▶ RECORDED INFORMATION
┄┄┄┄┄┄┄┄┄┄┄┄┄┄┄┄┄┄┄┄

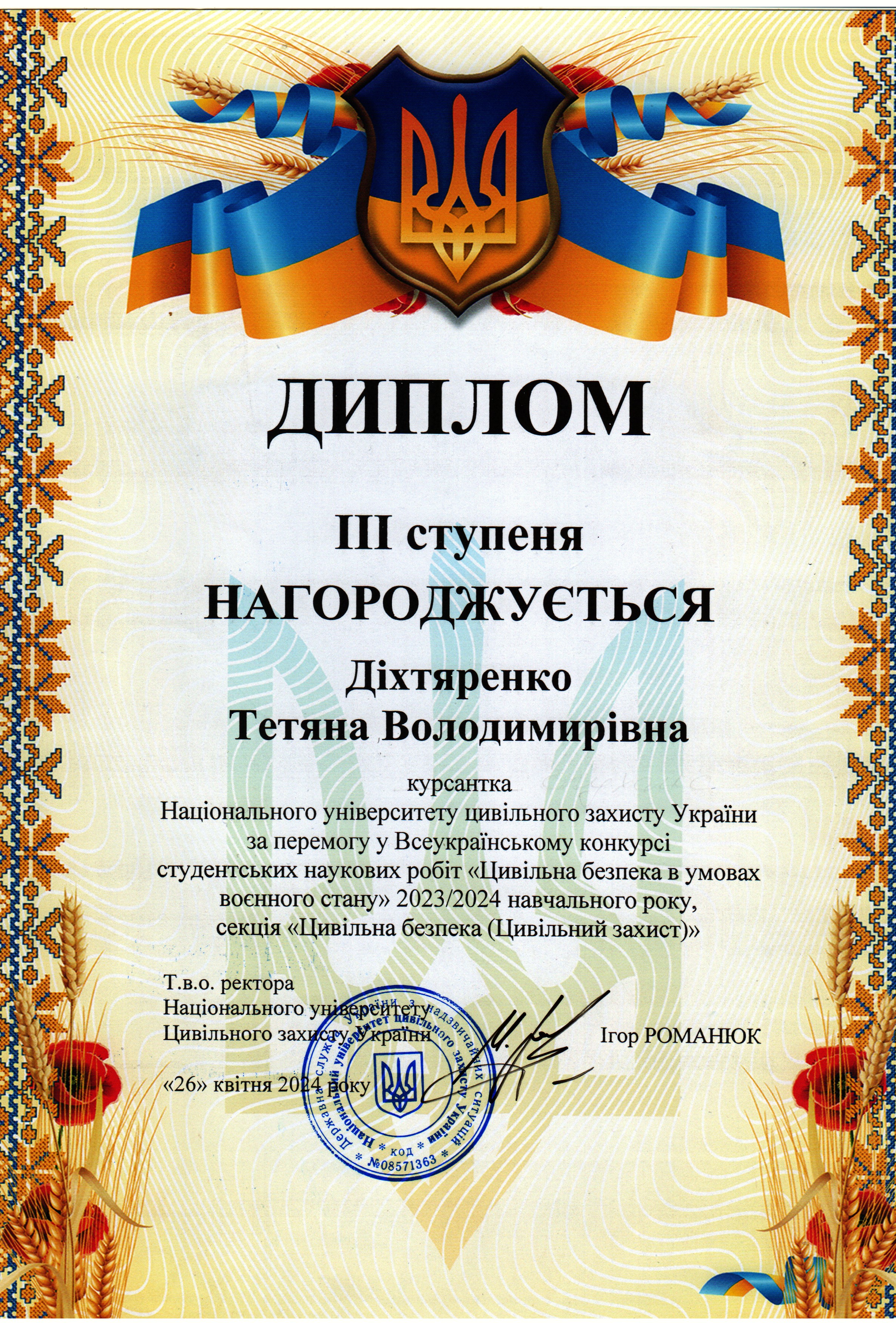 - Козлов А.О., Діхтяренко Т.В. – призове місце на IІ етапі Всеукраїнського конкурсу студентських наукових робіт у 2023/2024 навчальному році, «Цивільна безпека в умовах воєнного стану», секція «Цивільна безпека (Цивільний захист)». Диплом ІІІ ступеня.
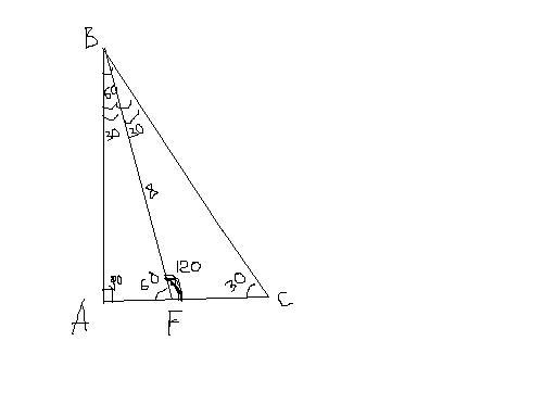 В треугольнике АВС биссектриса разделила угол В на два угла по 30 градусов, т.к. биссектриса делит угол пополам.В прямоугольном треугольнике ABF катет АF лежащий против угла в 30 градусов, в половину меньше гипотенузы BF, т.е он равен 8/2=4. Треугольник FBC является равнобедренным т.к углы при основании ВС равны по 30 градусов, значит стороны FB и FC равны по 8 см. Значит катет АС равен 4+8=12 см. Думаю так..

┄┄┄┄┄┄┄┄┄┄┄┄┄┄┄┄┄┄┄┄

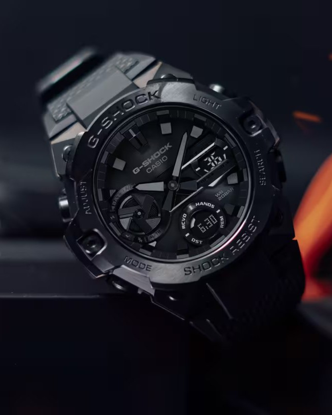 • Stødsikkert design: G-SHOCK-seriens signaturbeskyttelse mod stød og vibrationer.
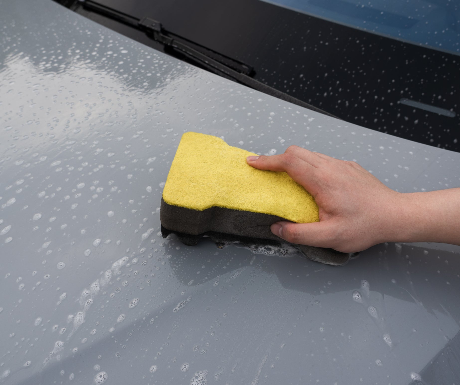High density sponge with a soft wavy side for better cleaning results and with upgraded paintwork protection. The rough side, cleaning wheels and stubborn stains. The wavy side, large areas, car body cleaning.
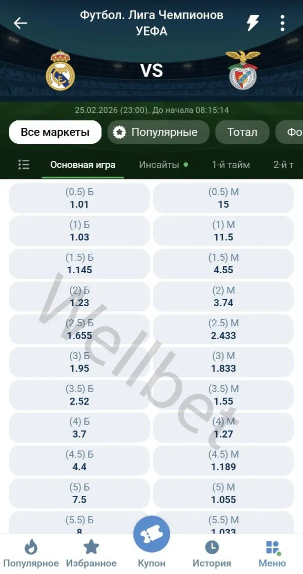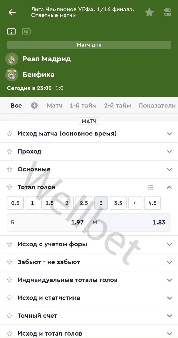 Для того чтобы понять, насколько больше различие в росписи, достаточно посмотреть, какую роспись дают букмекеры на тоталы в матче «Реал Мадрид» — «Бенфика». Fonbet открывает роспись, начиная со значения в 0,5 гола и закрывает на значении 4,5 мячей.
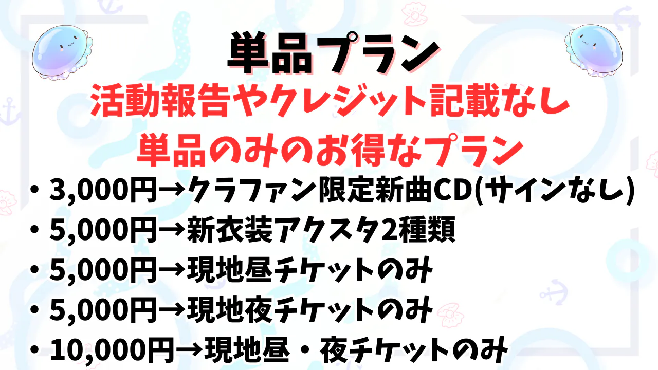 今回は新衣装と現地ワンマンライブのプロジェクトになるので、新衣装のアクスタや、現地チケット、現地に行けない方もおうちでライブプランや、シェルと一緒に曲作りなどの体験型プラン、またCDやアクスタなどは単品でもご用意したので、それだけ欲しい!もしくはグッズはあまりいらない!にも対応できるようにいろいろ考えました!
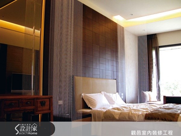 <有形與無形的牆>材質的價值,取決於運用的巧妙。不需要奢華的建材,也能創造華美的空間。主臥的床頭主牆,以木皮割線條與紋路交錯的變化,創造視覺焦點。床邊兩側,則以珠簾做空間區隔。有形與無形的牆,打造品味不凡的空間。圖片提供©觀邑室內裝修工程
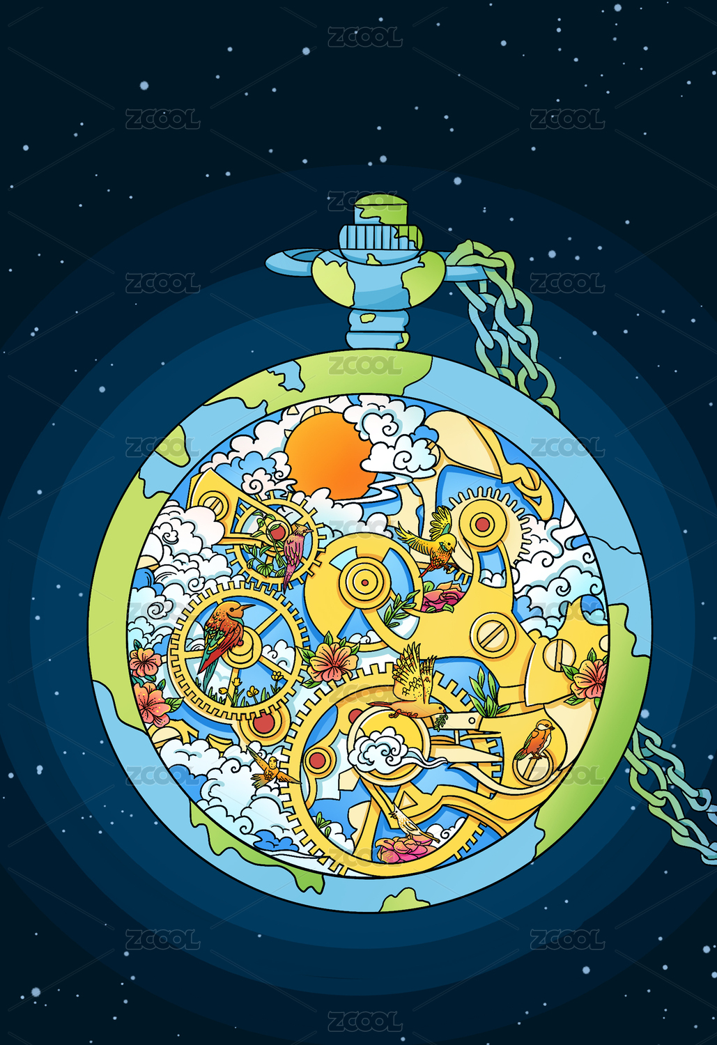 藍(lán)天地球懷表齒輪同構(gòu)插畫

┄┄┄┄┄┄┄┄┄┄┄┄┄┄┄┄┄┄┄┄

▶ ASSIGNMENT
Within the entries above, the lines from the one containing "<有形與無形的牆>材質的價值" through the one containing "藍(lán)天地球懷表齒輪同構(gòu)插畫" are to be transcribed exactly, ends included, pictures excluded.

▶ PROBLEM SOLUTION
 <有形與無形的牆>材質的價值,取決於運用的巧妙。不需要奢華的建材,也能創造華美的空間。主臥的床頭主牆,以木皮割線條與紋路交錯的變化,創造視覺焦點。床邊兩側,則以珠簾做空間區隔。有形與無形的牆,打造品味不凡的空間。圖片提供©觀邑室內裝修工程
 藍(lán)天地球懷表齒輪同構(gòu)插畫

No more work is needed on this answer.